Marine Life of the Pacific Northwest fails (rather splendidly) as a field guide, but does it stand up, as its title would lead one to expect, as an encyclopaedia? Unfortunately, the answer is “no.” What is there is marvelously documented and interestingly written, but there are, unfortunately, some obtrusive curiosities within this book. For example, the inclusion of most seaweeds, sponges, bivalves, all types of worms, sea slugs, crustaceans, and echinoderms is encouragingly complete, but we have only some jellyfish and squid, a few deep sea creatures, and, from page 361 on, one finds such an odd and incomplete assortment of BC fishes – mainly rockfish and sculpins – that one does have to ask why any fish are included at all (the authors had some lovely photographs perhaps?). Moreover, no marine mammals or sea birds are included.
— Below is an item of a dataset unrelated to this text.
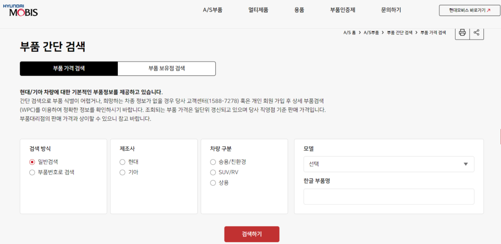 첫 메인화면에서 상단 A/S부품 > 부품간단검색 순으로 접속하시면 아래와 같은 화면을 보실 수 있습니다.

These omissions mean that the book cannot meet its claim to be an encyclopaedia. Again, readers will doubtless find the inclusion of an unidentified, headless fragment of a worm on page 161 intriguing, and even charming, but why is it included in the book? The labour of love factor strikes again, I fear.

The photos, the main distinguishing feature of the book, are superb. But even here one can carp a bit. For identification, the photos could do with a size scale (such as a loonie or quarter): when one reads that most were taken with a high-end macro lens, one realizes that many of those crabs and worms could be quite small (e.g., that pink tube worm on page 159 is only eight centimetres long). The authors also congratulate themselves on not using any digital photography aids, but that may be why many of the photographs seem very flat, with the result that crucial animal bits like legs, spines, and feelers disappear into the background. The processing of visual information in our human brain is very sophisticated, and we do not perceive real animals as being flat, even when the camera sees them that way. Some digital image processing techniques can bring out features that facilitate our visual recognition, and they could have been employed judiciously to the reader’s advantage.

In summary, this lovely, big, colourful, and information-packed book will doubtless attract many purchasers. I am sure it will find a home on the shelves of many professional and amateur naturalists in British Columbia, but I wonder how often this flawed encyclopaedia will actually get taken off the shelf after its purchase. There is a super field guide in here crying to be let out. Marine Life of the Pacific Northwest would have been much improved with stronger editorial assistance, perhaps from a mainstream international pub lisher that has experience with producing field guides.